Roids chuckled. “Not likely, Zarod. Tell you what, though. I’m going to find your bike easy enough, anyways. You’re too lazy to keep it hidden all that well. You tell me where it is and I’ll bury you with a tombstone. Otherwise,” he squatted beside the dying man and studied him, “you’re just a sack of unnamed fertilizer.”
“You’re cold, Cavanaugh.”
“Not as cold as you’re gonna be in a few minutes, Zarod. How about it?”
“All right,” he gasped. “You’re a mean sumbitch, Cavanaugh, but I heard you keep your word.” He told Roids where the bike was, his voice fading.
“Remember, you promised, Cavanaugh,” he whispered, only barely audible over the comlink. “I get my name on rock.”
“That you will, Zarod.
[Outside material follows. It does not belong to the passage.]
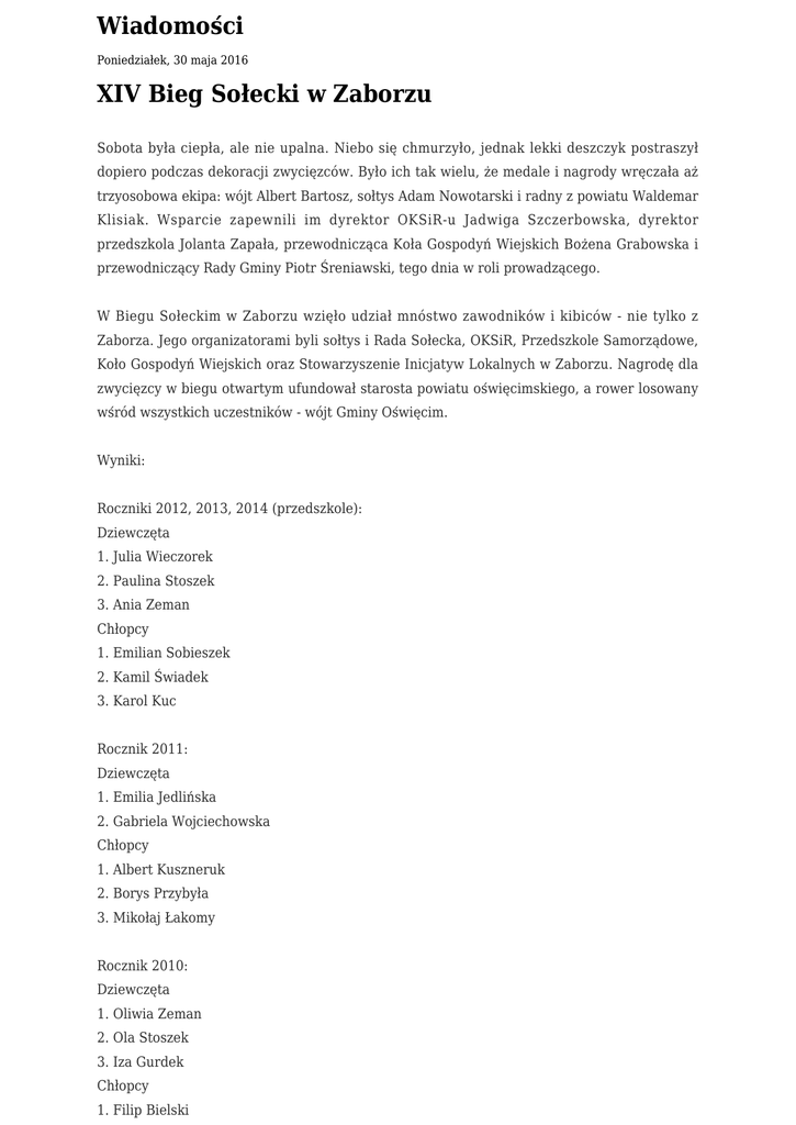 Wiadomości Poniedziałek, 30 maja 2016 XIV Bieg Sołecki w Zaborzu Sobota była ciepła, ale nie upalna. Niebo się chmurzyło, jednak lekki deszczyk postraszył dopiero podczas dekoracji zwycięzców. Było ich tak wielu, że medale i nagrody wręczała aż trzyosobowa ekipa: wójt Albert Bartosz, sołtys Adam Nowotarski i radny z powiatu Waldemar Klisiak. Wsparcie zapewnili im dyrektor OKSiR-u Jadwiga Szczerbowska, dyrektor przedszkola Jolanta Zapała, przewodnicząca Koła Gospodyń Wiejskich Bożena Grabowska i przewodniczący Rady Gminy Piotr Śreniawski, tego dnia w roli prowadzącego. W Biegu Sołeckim w Zaborzu wzięło udział mnóstwo zawodników i kibiców - nie tylko z Zaborza. Jego organizatorami byli sołtys i Rada Sołecka, OKSiR, Przedszkole Samorządowe, Koło Gospodyń Wiejskich oraz Stowarzyszenie Inicjatyw Lokalnych w Zaborzu. Nagrodę dla zwycięzcy w biegu otwartym ufundował starosta powiatu oświęcimskiego, a rower losowany wśród wszystkich uczestników - wójt Gminy Oświęcim. Wyniki: Roczniki 2012, 2013, 2014 (przedszkole): Dziewczęta 1. Julia Wieczorek 2. Paulina Stoszek 3. Ania Zeman Chłopcy 1. Emilian Sobieszek 2. Kamil Świadek 3. Karol Kuc Rocznik 2011: Dziewczęta 1. Emilia Jedlińska 2. Gabriela Wojciechowska Chłopcy 1. Albert Kuszneruk 2. Borys Przybyła 3. Mikołaj Łakomy Rocznik 2010: Dziewczęta 1. Oliwia Zeman 2. Ola Stoszek 3. Iza Gurdek Chłopcy 1. Filip Bielski 2. Wojtuś Kajta 3. Dawid Przybyła Rocznik 2009: Dziewczęta 1. Zuzia Stachura 2. Klara Kuszneruk 3. Asia Woźniak Chłopcy 1. Franio Tobiasz 2. Mateusz Kotyza 3. Maciej Janus Rocznik 2008: Dziewczęta 1. Roksana Zajas 2. Dagmara Krawczyk 3. Matylda Kwadrans Chłopcy 1. Kacper Sadek 2. Szymon Pater 3. Błażej Świadek Rocznik 2007: Dziewczęta 1. Emilia Kiełbaśnik 2. Martyna Cieśla 3. Małgorzata Zemła Chłopcy 1. Szymon Konopczyński 2. Paweł Woźniak 3. Łukasz Bratek Rocznik 2006: Dziewczęta 1. Sandra Sporysz 2. Gabrysia Kuszneruk 3. Wiktoria Szczerbowska Chłopcy 1. Patryk Wieczorek 2. Jakub Szczerbowski 3. Michał Szczepaniak Rocznik 2005: Dziewczęta 1. Milena Stachura 2. Kamila Zając 3. Magda Dynakowska Chłopcy 1. Igor Kukla 2. Marcin Nowotarski 3. Bartosz Jarosz Rocznik 2004: Dziewczęta 1. Weronika Błasiak 2. Sara Matlak 3. Agata Stachura Chłopcy 1. Damian Grubka 2. Marcin Błasiak 3. Damian Nidecki Rocznik 2003: Dziewczęta 1. Weronika Ptaszyńska 2. Martyna Sadlik 3. Julia Przybyła Chłopcy 1. Artur Zemła 2. Krystian Podstawa 3. Dawid Enson Gimnazjum: Dziewczęta 1. Klaudia Podstawa 2. Marlena Sporysz 3. Katarzyna Porowska Chłopcy 1. Mikołaj Dusik 2. Paweł Chrapczyński 3. Kamil Jakubowski Kategoria OPEN: Magdalena Gutowska - medal dla najbardziej wytrwałej zawodniczki. Mirosław Smolarek - medal dla biegacza-samorządowca. Kobiety 1. Iwona Januszyk 2. Karolina Opalska 3. Kinga Cichoń Mężczyźni 1. Adrian Bartuś 2. Przemysław Mendyk 3. Paweł Wójcik

Only I gotta be honest with you,” he gave a quick smile. “You’re gonna be planted next to Slanty.”
“Hell, that ain’t so bad,” Zarod gave a wheezing, short laugh and pointed a weak hand at Roids’ patched shoulder. “Least I got a piece of you. Best Slanty could do was shoot your bike.”
“And I’ll put that on your tombstone, too, Zarod, if you want me to.” The outlaw made no answer, and Roids could see he was dead.
Stooping down, he hoisted the body up onto his shoulders and began walking toward where the bike was hidden. He’d walked only a few steps when he stopped and turned back toward the sign. The dust storm was finally starting to abate, and the sign was still visible in the near darkness. The quickly dropping temperature made the iron creak and pop as it contracted.
“Much beholden, Eb and Sue. You two take care.” He shifted the dead weight slightly and resumed walking.
“Looks like Slanty’s got some company now. Hope you two don’t keep me up at nights, talkin’. I get ornery if I don’t get my sleep.